Ксения бежала по пустынным ночным Армагеддонским улицам, вцепившись в горловину одежды. Битое бутылочное стекло поранило ей ногу, и она оставляла кровавый след. Грядет день Господень, день жестокий, день Гнева. Превратится земля в пустыню. Пустыня — тоже жизнь. В пески можно зарыться; в пепле можно согреться. Если ты спишь — спи. Пробьет час — встань и иди. Беги! Ори! Зови Его. Может, еще догонишь.
Задыхание. Хрипы легочной листвы. Кровь из ступней. Она бежит так быстро, ее могут изловить и забрать в тюрьму, подумают, что она преступница, что она убила или ограбила и теперь хочет спастись от наказания. Окна, дома, фонари мелькают и качаются. Не догонит. Ушел. Конец. И она Его не удержала. И она не сказала Ему, что любит Его больше жизни. Больше какой жизни? У нее много жизней. Она уже испытала это сполна. Нет для нее Геенны огненной. Если ее тело разрубят на куски — они срастутся. Сколько бы она ни воскресала, она каждый раз будет так бояться умереть, как в первый раз. Топот. За ней гонятся. Оберни голову. Так и есть! Двое.
Два тупорылых воина, стража порядка. Они увидели вихрь мечущихся юбок, мелькание ног, рук, как спиц в колесе, и поняли: тут пожива, добыча. Не иначе, девка деру дает, стрекача. За ней, пока не удрала. Сто убежищ, тысяча нор, где можно скрыться в Армагеддоне. Знатная будет погоня! Сапоги мешают бежать. Сбросить их. Солдаты бежали за Ксенией босиком. Женщина летела быстрее ночного ветра. Мужчины дышали тяжко, хрипло, летели вслед. Упускать подарок было нельзя.

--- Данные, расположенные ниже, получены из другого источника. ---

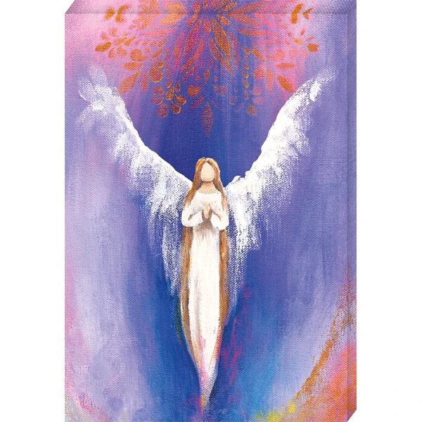 Dieser Engel breitet seine Flügel weit aus und legt anmutig die Hände vor sein Herz. Mit seinen sanften Blau-, Lila- und Rosatönen erinnert er Sie daran, dass Sie immer geborgen sind – egal, was im Außen geschieht. Das tiefe Blau stärkt Ihr Vertrauen, während das halbkreisförmige Mandala in warmem Orange Ihnen die Kraft schenkt, sich selbst als sicheren Hafen zu erfahren.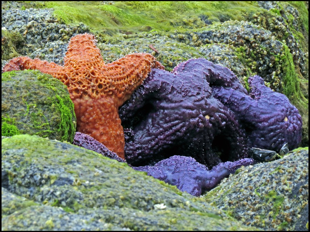 After breakfast, Al went out to set the prawn trap, and I went for a paddle.  There’s a spring tide today, so I was able to find lots of sea stars.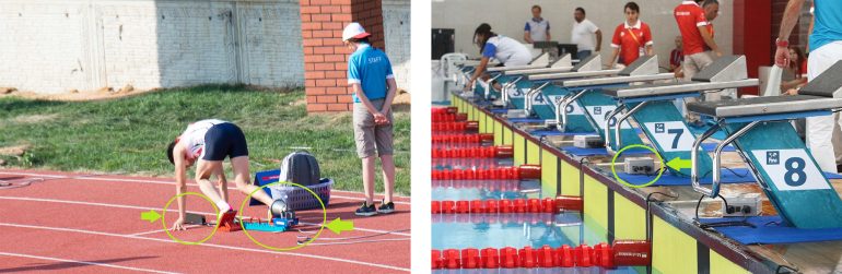 競技は基本的にオリンピックと同じルールで運営され、国際手話言語によるコミュニケーションや視覚的に保証された環境で行なわれます。とはいえ、世界に手話言語は200以上あり、国際手話言語を知らない選手も多い。そこで音の代わりに光や動作、デジタルデバイスの活用で、〝目で見てわかる〟形での競技運営が行われます。

Женщина впереди, два солдата позади, все трое босые, бесшумные, зловеще-легкие, как призраки, несущиеся внутри пустой бочки гулкого города. Догнать ее и смять. Она невиновна! Неважно. Убегает — значит, дело нечисто. А безвинна — есть лживый интерес, позабавимся. Как забавиться с бабой, известно. Прежде чем заломить ей локти и грубо заголить, можно ее еще побить. Сперва несильно, потом опасно. До злых синяков, до сломанных ребер. Пусть повизжит, поплачет. Чудесно, когда баба униженно вымаливает прощения, ползает на брюхе. Ты солдат, и ты чувствуешь свою силу. Бугры твоих мышц наливаются мощным соком. Поэтому поймай ее. Излови! Если она наломала дров, ей не поздоровится. Властями Армагеддона разрешен скорый суд.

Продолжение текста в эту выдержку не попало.